*** Opening of Data shown ***
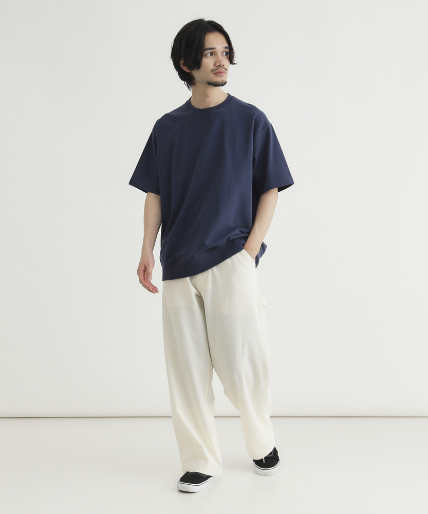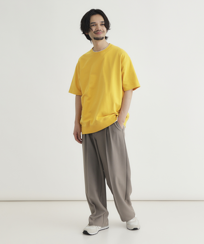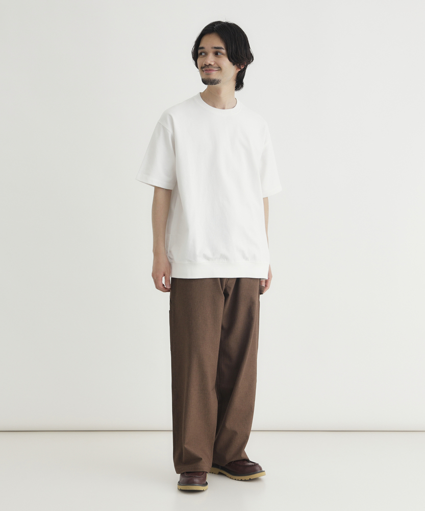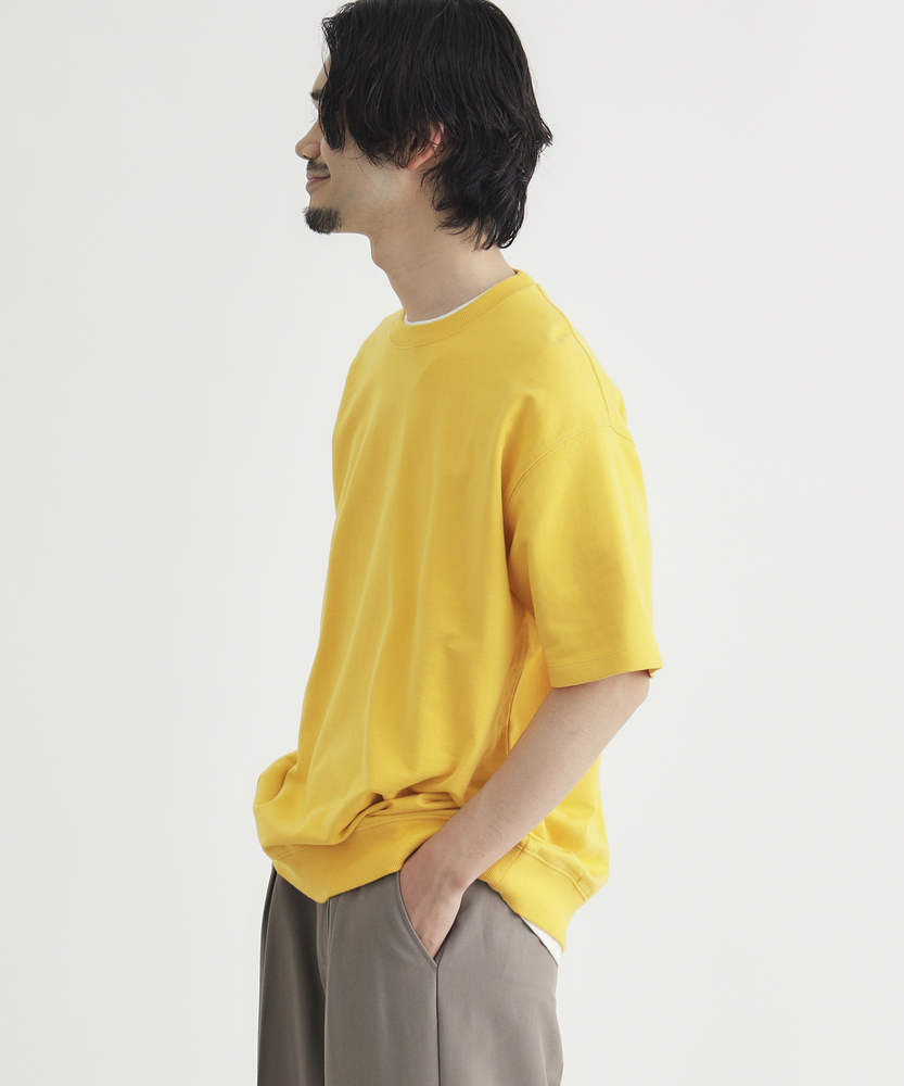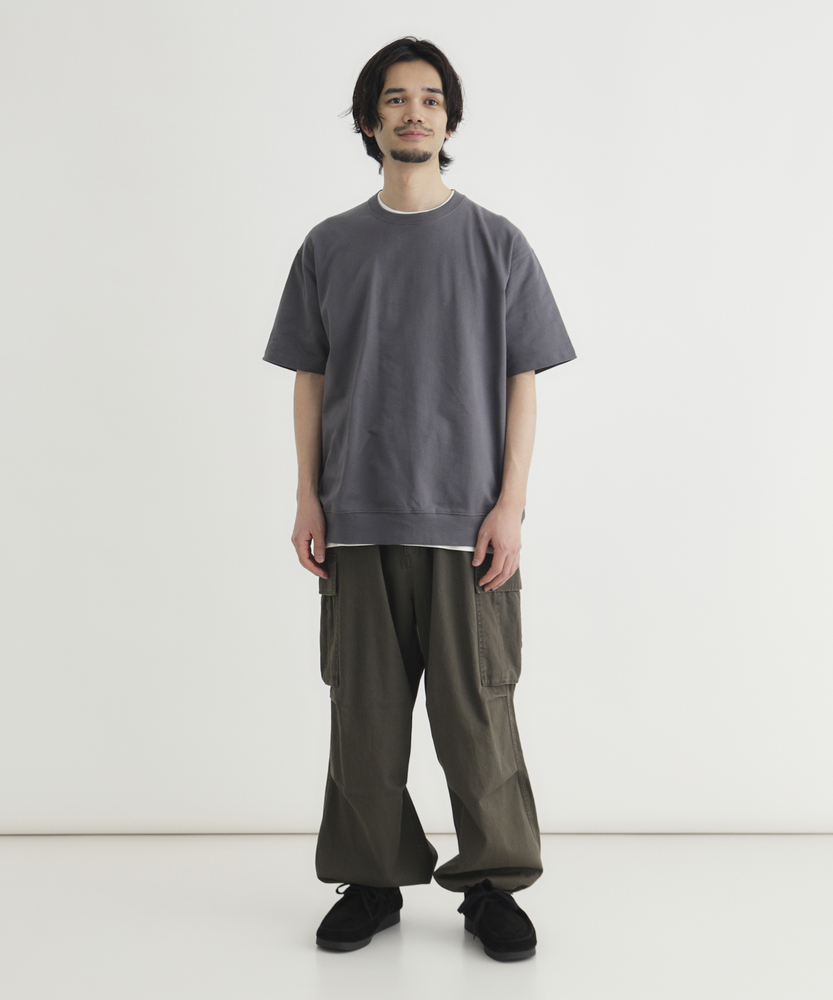 Tシャツの手軽さとスウェットのタフさを融合。一枚で着ても様になる「大人のための新定番」。理想の厚みを追求した、こだわりの素材感。■Point・独自開発の「インレイ素材」天竺より厚く、スウェットより薄い絶妙な生地感。しっかりとした肉厚感で安心の着心地です。・メリハリを生む「裾リブ」仕様腰回りがすっきりと収まるリブデザイン。だらしなく見えず、大人の品格を保ちます。・透けを気にせず「一枚で決まる」体のラインを拾いすぎない程よいハリ感。インナーを気にせず、夏場も堂々と着られます。・毎日着たくなる「タフさ」洗濯を繰り返しても型崩れしにくい耐久性。吸汗性にも優れ、汗ばむ季節も快適です。・現代的な「ヴィンテージ・ルック」古き良き半袖スウェットをモダンに再構築。シンプルながらも存在感のある佇まいです。・着回し力抜群の「カラー展開」ベーシックな色からアクセントカラーまで。色違いで揃えたくなる豊富なバリエーション。【仕様】Tシャツの気軽さに、スウェットのようなディテールを取り入れたハイブリッドなデザインです。最大の特徴である「裾リブ」は、着用時のシルエットに自然な丸みを持たせ、腰回りをすっきりと見せる効果があります。シンプルなクルーネックながらも、リラックス感のあるシルエットで、一枚着るだけでこなれた印象を演出します。【素材】「丁度いい肉厚感」を実現するために一から生地を作りました。一般的なTシャツ生地よりも厚みがあり、スウェットよりも薄手で軽やかな「インレイ素材」を使用しています。吸汗性に優れ、しっかりとした質感は型崩れしにくく、長く愛用できるタフさが魅力です。肌触りも良く、シーズンレスで活躍する素材感です。【スタイリング】デニムやカーゴパンツと合わせた王道のアメカジスタイルはもちろん、スラックスやイージーパンツと合わせれば、大人の休日スタイルが完成します。裾リブのおかげで着丈のニュアンス調整がしやすく、ワイドパンツとも好相性。一枚での着用はもちろん、シャツとのレイヤードなど、Tシャツ以上スウェット未満の汎用性の高さが楽しめます。【BACK NUMBER】ワーク・ミリタリーといったアメリカンカジュアルを根幹に、古き良きヴィンテージウェアの魅力を受け継ぎながらも、現代のライフスタイルや着こなしに合わせた素材・シルエットで再構築した、【Re-Vintage】をコンセプトに掲げるブランド。
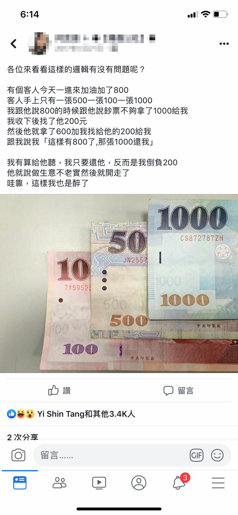 ▼數一數後,客人說「鈔票不夠」就把手上的1000塊給原PO,然後原PO當然就拿了200塊找給他。沒想到客人拿了200塊後,居然把手上的100塊和500塊連帶剛到手的200塊一起給原PO,還說「這樣就有800了,你把剛才的1000還我吧。」
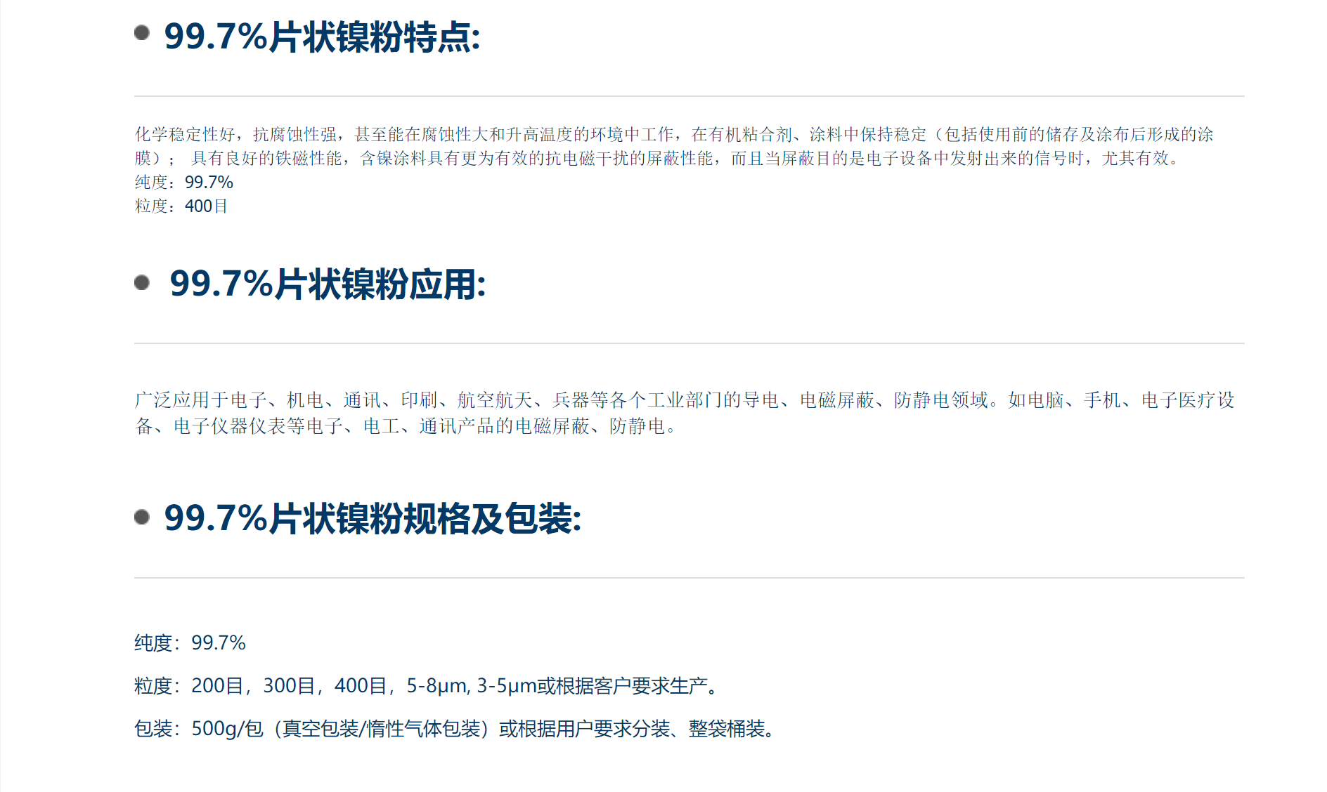 99.7%片状镍粉 金属400目800目 超细微米级镍粉末 导电屏蔽材料
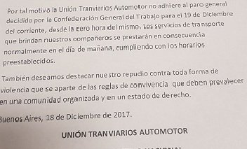 OBERA. Dirigentes de la UTA tomaron la decisión de no adherir al paro en una reunión que mantenían esta tarde con dirigentes de otros gremios de la CGT y repudiar la violencia desatada este lunes frente al Congreso de la Nación.
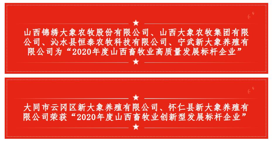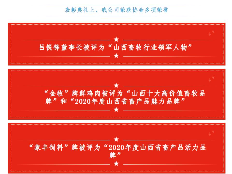 春風(fēng)春雨春分到,春光春景春意濃。2021年3月20日,由山西省畜牧業(yè)協(xié)會(huì)和山西錦繡大象農(nóng)牧股份有限公司聯(lián)合主辦的“晉牧之春,金牛逐夢(mèng)”山西省畜牧業(yè)協(xié)會(huì)2020年度行業(yè)表彰盛典在太原市花園國(guó)際大酒店隆重舉行。畜牧行業(yè)相關(guān)單位的專(zhuān)家、學(xué)者、企業(yè)家代表和新聞媒體共計(jì)260余名應(yīng)邀參會(huì)。在經(jīng)過(guò)協(xié)會(huì)秘書(shū)處初審、專(zhuān)家組評(píng)選,山西省畜牧業(yè)協(xié)會(huì)常務(wù)理事會(huì)研究,我公司選送的多個(gè)項(xiàng)目獲獎(jiǎng),被山西省畜牧業(yè)協(xié)會(huì)表彰。
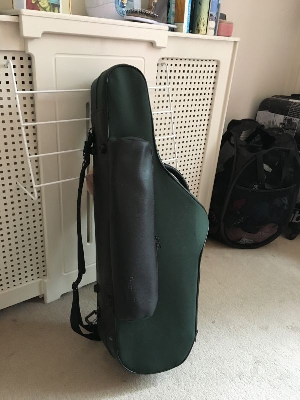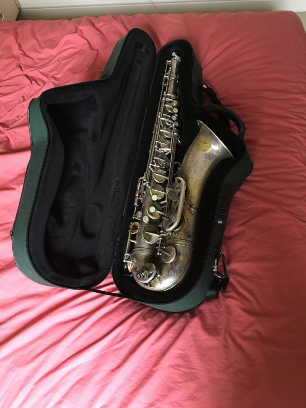 Silver plated Selmer Mark VI Tenor saxophone, with serial number 95102. Was in a dark green BAM classic carrying case.
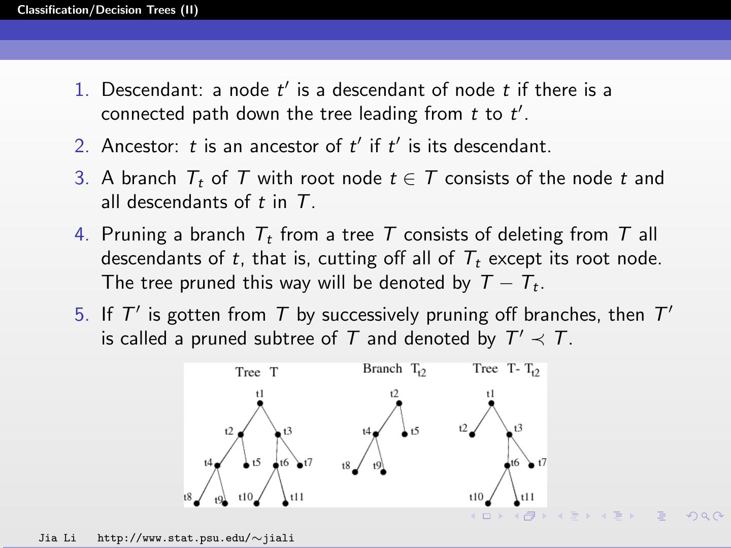 5 .Classification/Decision Trees (II) 1. Descendant: a node t is a descendant of node t if there is a connected path down the tree leading from t to t . 2. Ancestor: t is an ancestor of t if t is its descendant. 3. A branch Tt of T with root node t ∈ T consists of the node t and all descendants of t in T . 4. Pruning a branch Tt from a tree T consists of deleting from T all descendants of t, that is, cutting off all of Tt except its root node. The tree pruned this way will be denoted by T − Tt . 5. If T is gotten from T by successively pruning off branches, then T is called a pruned subtree of T and denoted by T ≺ T . Jia Li http://www.stat.psu.edu/∼jiali
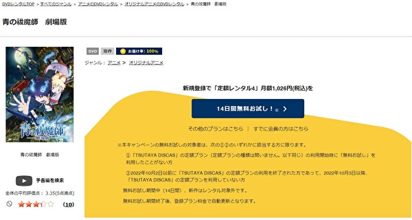 そして、映画「青の祓魔師 ―劇場版―」はツタヤディスカスで配信しているので、無料でDVDレンタルが可能です。
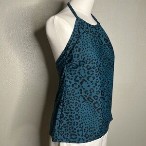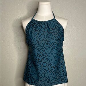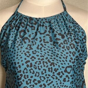 KONA SOL Teal & Black Leopard Print Halter Swimsuit Tankini Underwire Bra Swim Top Medium . Excellent like new . Stylish teal halter top with a bold leopard print. Perfect for a chic and trendy look.
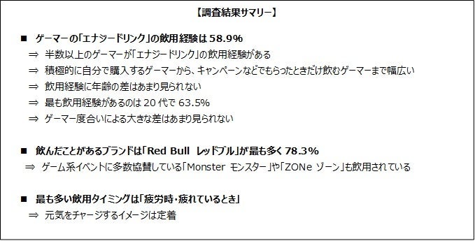 エナジードリンクの愛飲者は年齢や性別、ゲーマーの度合いに関わらず、全体的に分散していることがわかりました。このことからも改めてエナジードリンクが国民的なドリンクとして浸透していることがわかります。
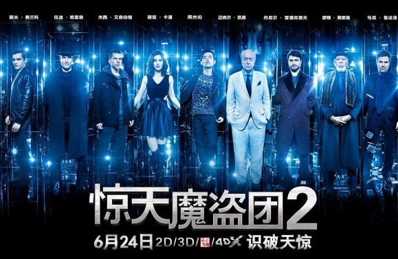 由美籍華裔導(dǎo)演朱浩偉執(zhí)導(dǎo),杰西·艾森伯格、伍迪·哈里森、戴夫·弗蘭科、麗茲·卡潘、“綠巨人”馬克·魯法洛、邁克爾·凱恩、摩根·弗里曼聯(lián)合周杰倫、“哈利·波特”丹尼爾·雷德克里夫主演的高智商犯罪動(dòng)作巨制《驚天魔盜團(tuán)2》正在以2D、3D、4DX以及中國巨幕格式在內(nèi)地?zé)嵊场?/p>
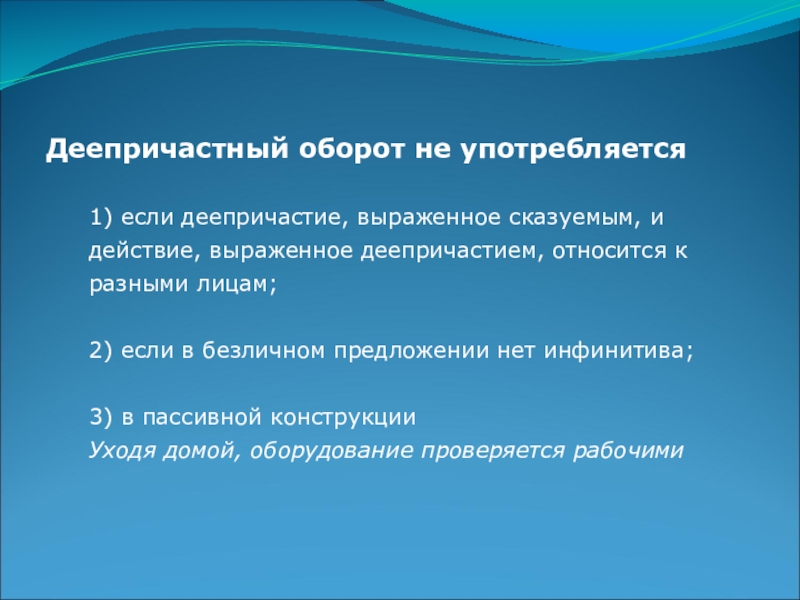 Слайд 16Деепричастный оборот не употребляется
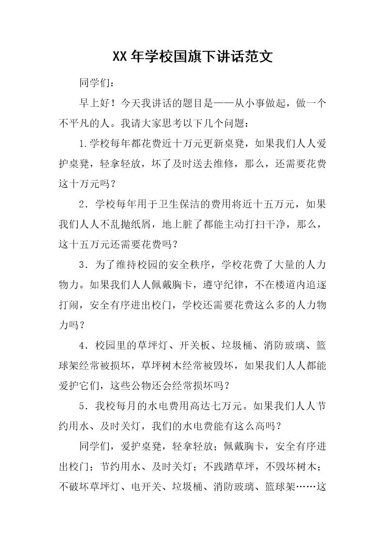 学校国旗下讲话范文 (学校国旗下讲话记录)(2页)
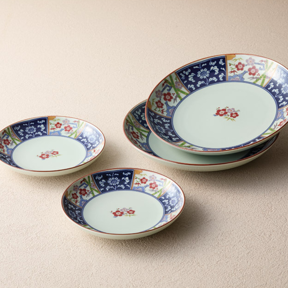 古伊万里色鍋島の伝統美を今風にアレンジした、和食だけでなく洋食にも使える優れもの。
*** Close of Data shown ***
◆ What to work on:
Repeat the material exactly. Skip the images.

◆ Result of the task:
 Tシャツの手軽さとスウェットのタフさを融合。一枚で着ても様になる「大人のための新定番」。理想の厚みを追求した、こだわりの素材感。■Point・独自開発の「インレイ素材」天竺より厚く、スウェットより薄い絶妙な生地感。しっかりとした肉厚感で安心の着心地です。・メリハリを生む「裾リブ」仕様腰回りがすっきりと収まるリブデザイン。だらしなく見えず、大人の品格を保ちます。・透けを気にせず「一枚で決まる」体のラインを拾いすぎない程よいハリ感。インナーを気にせず、夏場も堂々と着られます。・毎日着たくなる「タフさ」洗濯を繰り返しても型崩れしにくい耐久性。吸汗性にも優れ、汗ばむ季節も快適です。・現代的な「ヴィンテージ・ルック」古き良き半袖スウェットをモダンに再構築。シンプルながらも存在感のある佇まいです。・着回し力抜群の「カラー展開」ベーシックな色からアクセントカラーまで。色違いで揃えたくなる豊富なバリエーション。【仕様】Tシャツの気軽さに、スウェットのようなディテールを取り入れたハイブリッドなデザインです。最大の特徴である「裾リブ」は、着用時のシルエットに自然な丸みを持たせ、腰回りをすっきりと見せる効果があります。シンプルなクルーネックながらも、リラックス感のあるシルエットで、一枚着るだけでこなれた印象を演出します。【素材】「丁度いい肉厚感」を実現するために一から生地を作りました。一般的なTシャツ生地よりも厚みがあり、スウェットよりも薄手で軽やかな「インレイ素材」を使用しています。吸汗性に優れ、しっかりとした質感は型崩れしにくく、長く愛用できるタフさが魅力です。肌触りも良く、シーズンレスで活躍する素材感です。【スタイリング】デニムやカーゴパンツと合わせた王道のアメカジスタイルはもちろん、スラックスやイージーパンツと合わせれば、大人の休日スタイルが完成します。裾リブのおかげで着丈のニュアンス調整がしやすく、ワイドパンツとも好相性。一枚での着用はもちろん、シャツとのレイヤードなど、Tシャツ以上スウェット未満の汎用性の高さが楽しめます。【BACK NUMBER】ワーク・ミリタリーといったアメリカンカジュアルを根幹に、古き良きヴィンテージウェアの魅力を受け継ぎながらも、現代のライフスタイルや着こなしに合わせた素材・シルエットで再構築した、【Re-Vintage】をコンセプトに掲げるブランド。
 ▼數一數後,客人說「鈔票不夠」就把手上的1000塊給原PO,然後原PO當然就拿了200塊找給他。沒想到客人拿了200塊後,居然把手上的100塊和500塊連帶剛到手的200塊一起給原PO,還說「這樣就有800了,你把剛才的1000還我吧。」
 99.7%片状镍粉 金属400目800目 超细微米级镍粉末 导电屏蔽材料
 OBERA. Dirigentes de la UTA tomaron la decisión de no adherir al paro en una reunión que mantenían esta tarde con dirigentes de otros gremios de la CGT y repudiar la violencia desatada este lunes frente al Congreso de la Nación.
 春風(fēng)春雨春分到,春光春景春意濃。2021年3月20日,由山西省畜牧業(yè)協(xié)會(huì)和山西錦繡大象農(nóng)牧股份有限公司聯(lián)合主辦的“晉牧之春,金牛逐夢(mèng)”山西省畜牧業(yè)協(xié)會(huì)2020年度行業(yè)表彰盛典在太原市花園國(guó)際大酒店隆重舉行。畜牧行業(yè)相關(guān)單位的專(zhuān)家、學(xué)者、企業(yè)家代表和新聞媒體共計(jì)260余名應(yīng)邀參會(huì)。在經(jīng)過(guò)協(xié)會(huì)秘書(shū)處初審、專(zhuān)家組評(píng)選,山西省畜牧業(yè)協(xié)會(huì)常務(wù)理事會(huì)研究,我公司選送的多個(gè)項(xiàng)目獲獎(jiǎng),被山西省畜牧業(yè)協(xié)會(huì)表彰。
 Silver plated Selmer Mark VI Tenor saxophone, with serial number 95102. Was in a dark green BAM classic carrying case.
 5 .Classification/Decision Trees (II) 1. Descendant: a node t is a descendant of node t if there is a connected path down the tree leading from t to t . 2. Ancestor: t is an ancestor of t if t is its descendant. 3. A branch Tt of T with root node t ∈ T consists of the node t and all descendants of t in T . 4. Pruning a branch Tt from a tree T consists of deleting from T all descendants of t, that is, cutting off all of Tt except its root node. The tree pruned this way will be denoted by T − Tt . 5. If T is gotten from T by successively pruning off branches, then T is called a pruned subtree of T and denoted by T ≺ T . Jia Li http://www.stat.psu.edu/∼jiali
 そして、映画「青の祓魔師 ―劇場版―」はツタヤディスカスで配信しているので、無料でDVDレンタルが可能です。
 KONA SOL Teal & Black Leopard Print Halter Swimsuit Tankini Underwire Bra Swim Top Medium . Excellent like new . Stylish teal halter top with a bold leopard print. Perfect for a chic and trendy look.
 エナジードリンクの愛飲者は年齢や性別、ゲーマーの度合いに関わらず、全体的に分散していることがわかりました。このことからも改めてエナジードリンクが国民的なドリンクとして浸透していることがわかります。
 由美籍華裔導(dǎo)演朱浩偉執(zhí)導(dǎo),杰西·艾森伯格、伍迪·哈里森、戴夫·弗蘭科、麗茲·卡潘、“綠巨人”馬克·魯法洛、邁克爾·凱恩、摩根·弗里曼聯(lián)合周杰倫、“哈利·波特”丹尼爾·雷德克里夫主演的高智商犯罪動(dòng)作巨制《驚天魔盜團(tuán)2》正在以2D、3D、4DX以及中國巨幕格式在內(nèi)地?zé)嵊场?/p>
 Слайд 16Деепричастный оборот не употребляется
 学校国旗下讲话范文 (学校国旗下讲话记录)(2页)
 古伊万里色鍋島の伝統美を今風にアレンジした、和食だけでなく洋食にも使える優れもの。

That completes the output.